После легализации Риосского Комитета ко мне приехал один из его участников с предложением принять на себя председательствование в Сан-Паульском отделе его, открытие которого тогда намечалось. Я отказался, ибо считал, что для этого нужен человек более молодой и активный (ведь мне было уже 67 лет), а кроме того и мое здоровье в то время было неважно. Однако я сказал, что я готов войти в Комитет в качество члена; при этом я указал на инженера-химика Д. П. Степаненко, как на возможного председателя. Дмитрий Петрович, бывший артиллерийский офицер, получил высшее образование в Праге, а затем работал по сахарному делу в Бразилии, большею частью в северной ее части и потому был чужд Сан-Паульским кружковым дрязгам. Это предложение было в Рио принято, Степаненко от него не отказался и с лета 1943 г. он и начал заниматься этим делом, хотя пока разрешения властей еще и не было; однако, различные обращения ко мне по вопросам помощи России с 1942 г. не прекращались.
1942 г. был годом переломным и в моем отношении к советской власти. Для меня в моих политических взглядах основным было положение России, как мировой державы. Я несомненно был всегда империалистом и остаюсь им и посейчас, хотя этому определению и придают ныне самое отрицательное значение; не боялся я называть себя патриотом в те годы, когда левая печать кричала об «ультра-патриотах». Был я монархистом и вообще придерживался правых взглядов, но, в частности, идеи равенства и государственного социализма никогда меня не пугали. За время эмиграции, однако, мои монархистские воззрения очень ослабели, главным образом в виду отсутствия среди Романовых видных кандидатов для занятия престола; и сейчас я держусь того мнения, что громадное большинство обвинений против них несправедливы, в особенности все, что говорится про их личную денежную нечестность. Были они людьми морально не хуже окружающих их представителей высших классов, а культурно среди них были в момент революции люди, несомненно, интересные. Однако, для того, чтобы стать во главе такого государства, как Россия, после 25 лет революции я не видел среди них ни одного способного.
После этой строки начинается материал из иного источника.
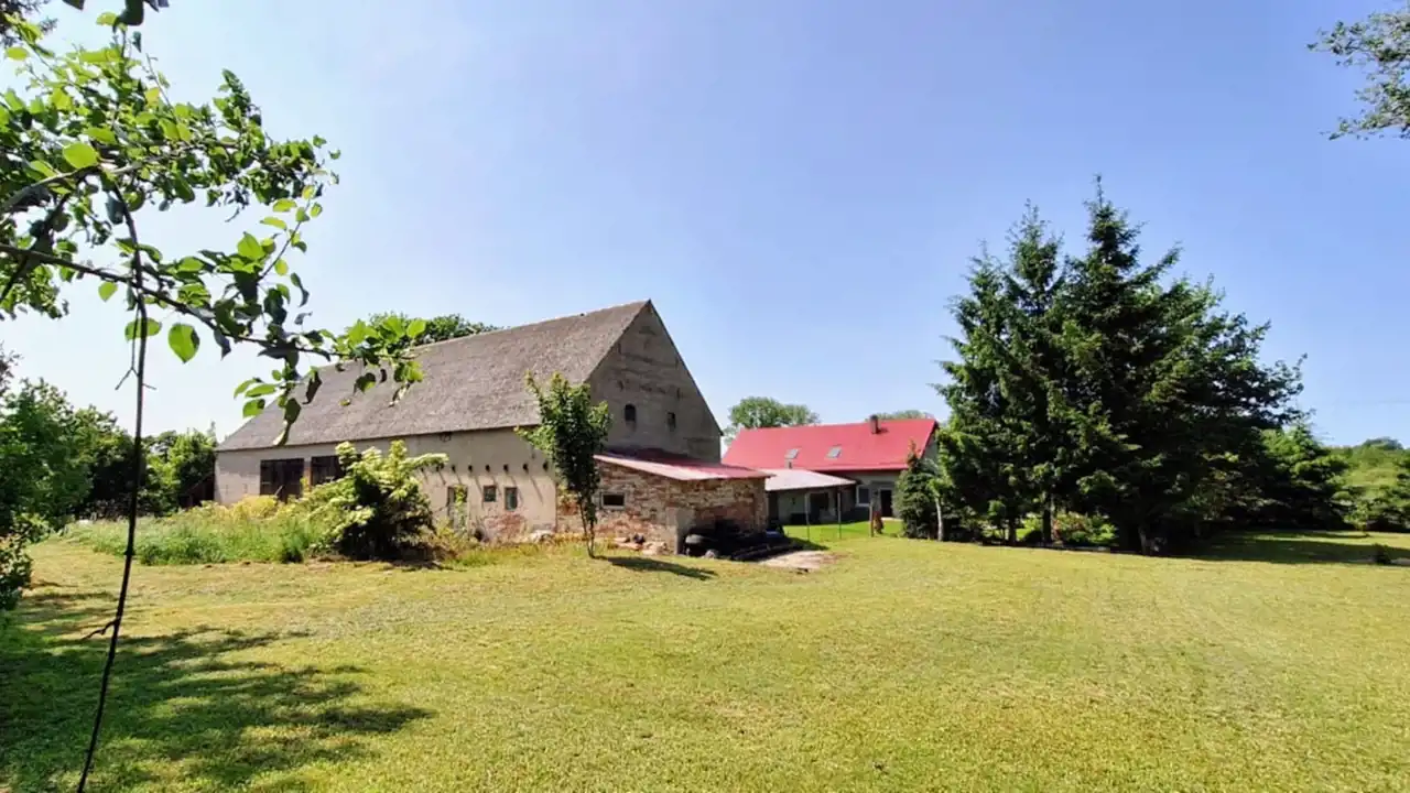 Na Sprzedaż nieruchomość , stare gospodarstwo na dwóch działkach. Działka nr 208 - 4431m2 - grunty rolne zabudowane oraz Działka nr 144 - 24.281m2 - pastwiska trwałe. Łącznie około 28.712 m2. W cenie nieruchomości stodoła około 350m2 , mniejsze pomieszczenia gospodarcze około 100m2 oraz Dom parterowy około 86m2. Dom posiada dwie łazienki, dwie kuchnie, 4 pokoje oraz dwa niezależne wejścia. Duże , otwarte poddasze na całej powierzchni domu.

Кроме того, мне было ясно, что, если в первые годы после революции еще оставалось в самой России много сторонников монархии, то ко времени 2-й войны их должно было остаться немного, особенно имея в виду ту пропаганду, которая все это время велась против старого строя, со всеми ее преувеличениями; и еще не сомневался я, что всякое, даже успешное, контрреволюционное движение явилось бы по существу новой революцией, новой ломкой устанавливающегося в стране, быть может, во многом и неприемлемого нам порядка и обошлось бы ей не дешевле, чем та, которую провели большевики. Первые сомнения в этом отношении появились у меня еще перед 1935 г., когда начал намечаться поворот от интернационализма обратно к национализму. Однако еще в начале войны они были не достаточно определенны и, в частности, договор 1939 г. с Германией, тогда мне непонятный, их очень ослабили. Только немецкое вторжение в Россию и отчаянное сопротивление, которое они встретили, а также и то, что во многих отношениях советская Россия оказалась лучше подготовленной к войне, чем царская, были последним толчком в этом направлении. Коммунистом я не стал, но настроение мое переменилось, и я себя почувствовал тем, что во Франции называлось в 60-х года XIX века — les ralliés[114], т. е. принимающим настоящее правительство, как единственное в этот момент возможное.
В начале 1942 г. познакомился я в «São Paulo» с двумя журналистами-англичанами, бежавшими в Бразилию из Франции от немцев. Один из них — Филипп Карр — был в начале войны английским представителем при министерстве пропаганды в Париже; его жена, француженка, тоже писала и командовала мужем, милым, но смирным человеком. Он был правых взглядов, но не настолько, насколько другой англичанин H. Rivington, для которого даже правительство Черчилля представлялось тем пределом влево, который был только терпим. Супруги Ривингтон перед вой ной жили в именьице между Канн и Грасс, куда они выселились, как он говорил, в виду слишком левого направления, которое приняли дела на их родине — и это в 30-х годах, при Болдуине и Чемберлене. И у тех, и у других мы были несколько раз, и они побывали и у нас. У Карра познакомились мы с английским генеральным консулом Smallbones, очень ограниченным человеком, особенно гордившимся тем, что он, служа перед тем в Германии, умно держал себя в разговорах с Людендорфом.